The availability of large data collections makes deep neural networks perform impressively on a wide range of vision-language tasks. However, existence of corrupted samples when working with massive, hard-to-manage amount of data is inevitable. Data corruption refers to errors in data that occur during either an intentional process to alter data samples with the purpose of hiding information or a incidental data preparing step, including data annotation, which introduces unintended changes to the original data. Robustness of vision-language systems to intentional and incidental adversity is the goal of this dissertation.

Face manipulation is one of the challenging intentional adversity techniques that distort the truth. The primary threat of face manipulation stems from people becoming convinced that something fictional really occurred. The dissertation starts with study of facial manipulation detectors leveraging upon facial expression recognition systems. Concerns regarding the wide-spread use of corrupted images and videos in social media necessitate precise detection of such fraud. Multi-task learning can leverage prominent features learned by facial expression recognition system to benefit the training of conventional manipulation detection systems.
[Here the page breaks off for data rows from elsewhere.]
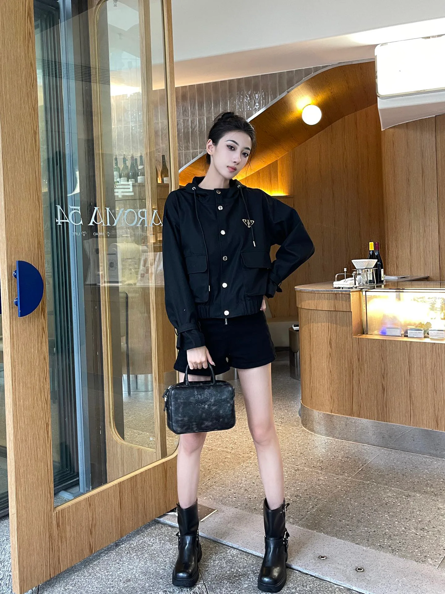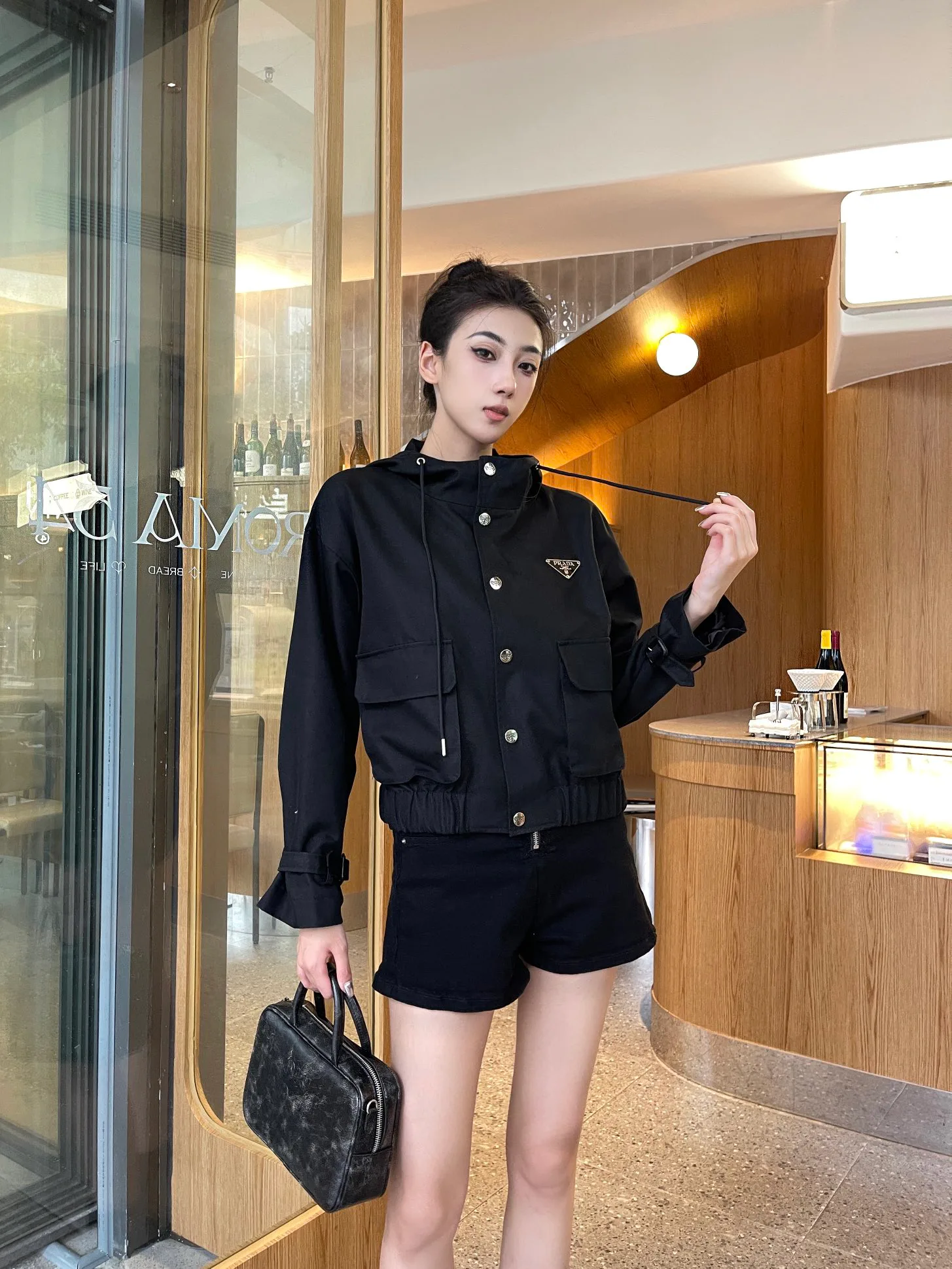 Эластичная резинка в области талии помогает создать идеальную посадку на фигуре, подчеркивая женственные линии и обеспечивая удобство в носке. Логотип известного бренда PRADA на груди служит дополнительным акцентом, подчеркивая статус и высокое качество данного изделия.
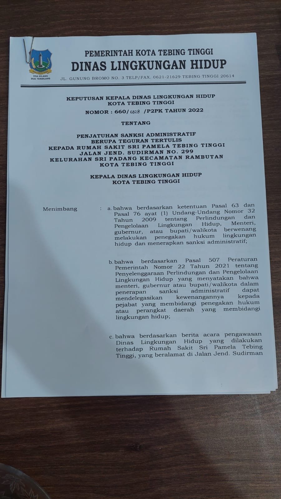 Pada hari Senin ,ini juga tanggal 12/12/2022 ,Pihaknya : telah, melayangkan Surat Sanksi Administratif dan teguran bernomor : 660/6628/P2PK Tahun 2022 ,kepada Pihak Managemen Rumah Sakit Sri Pamela Tebingtinggi (PT.SPMN) yang beralamat di Jalan Jendral Sudirman nomor 229 ,Kelurahan Sri Padang ,Kecamatan Rambutan Kota Tebing Tinggi Sumatera-Utara.
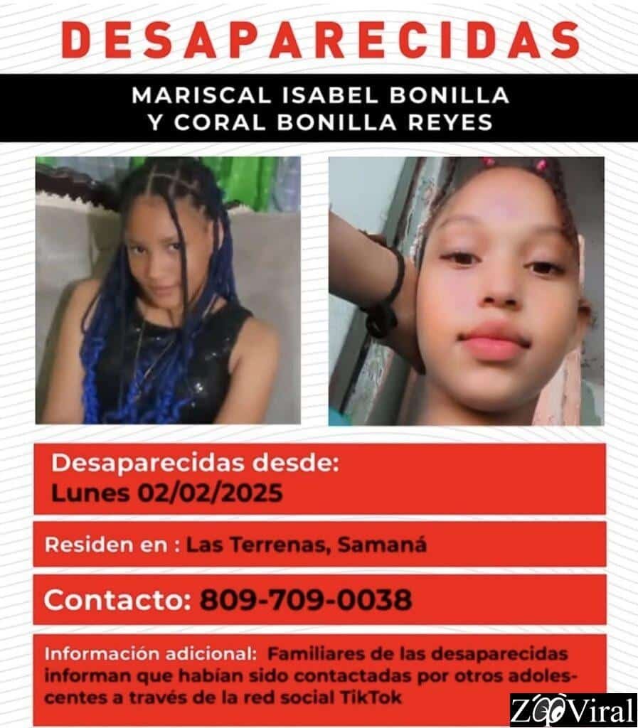 Se trata de Mariscal Isabel Bonilla (11 años) y Coral Bonilla Reyes (12 años), quienes fueron vistas por última vez este lunes. Según versiones de sus parientes, las menores habrían sido contactadas por otros adolescentes a través de TikTok, antes de desaparecer, lo que ha encendido las alarmas sobre los peligros del uso de redes sociales en menores de edad.
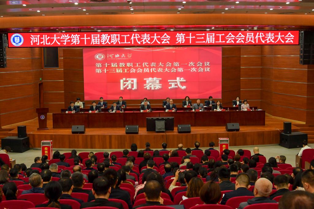 在高亢嘹亮的校歌聲中,河北大學第十屆教職工代表大會、第十三屆工會會員代表大會第一次會議圓滿完成了各項議程,大會勝利閉幕。

Such an approach achieves impressive performance in facial expression manipulation detection, while exhibiting robustness to other common facial corruption mechanisms, such as identity manipulation.

Creation of large scale datasets, needed for tasks like image-text retrieval, is challenging. As a solution, recent works exploit vision-language pre-training to overcome the errors in the training data. Vision-language pre-training has advanced the performance for many vision-language tasks like image-text retrieval. However, performance improvement has been largely achieved by scaling up the dataset with noisy image-text pairs collected from the web, which is a suboptimal source of supervision. Web-crawled captions do not accurately describe the visual content of the images, making them noisy signals. Instead, the caption descriptions can be generated by off-the-shelf automatic image captioners.

In this dissertation, we focus on learning image-text retrieval models utilizing image-text pairs, where the text is generated by an automatic captioning process without any requirement of tedious annotation effort. We propose a novel robust image-text retrieval model which utilizes data-driven curriculum learning to down-weight the noisy portion of the dataset generated by image captioners. Finally, we investigate fine-grained image-text retrieval which decomposes image-text matching into global-to-local level matching using pre-trained object detectors. We utilize an alignment model which bridges the gap between corresponding embeddings in different modalities to identify the noise in the caption. It aims to learn image-text multimodal representations that capture the appropriate fine-grained alignment between vision and language.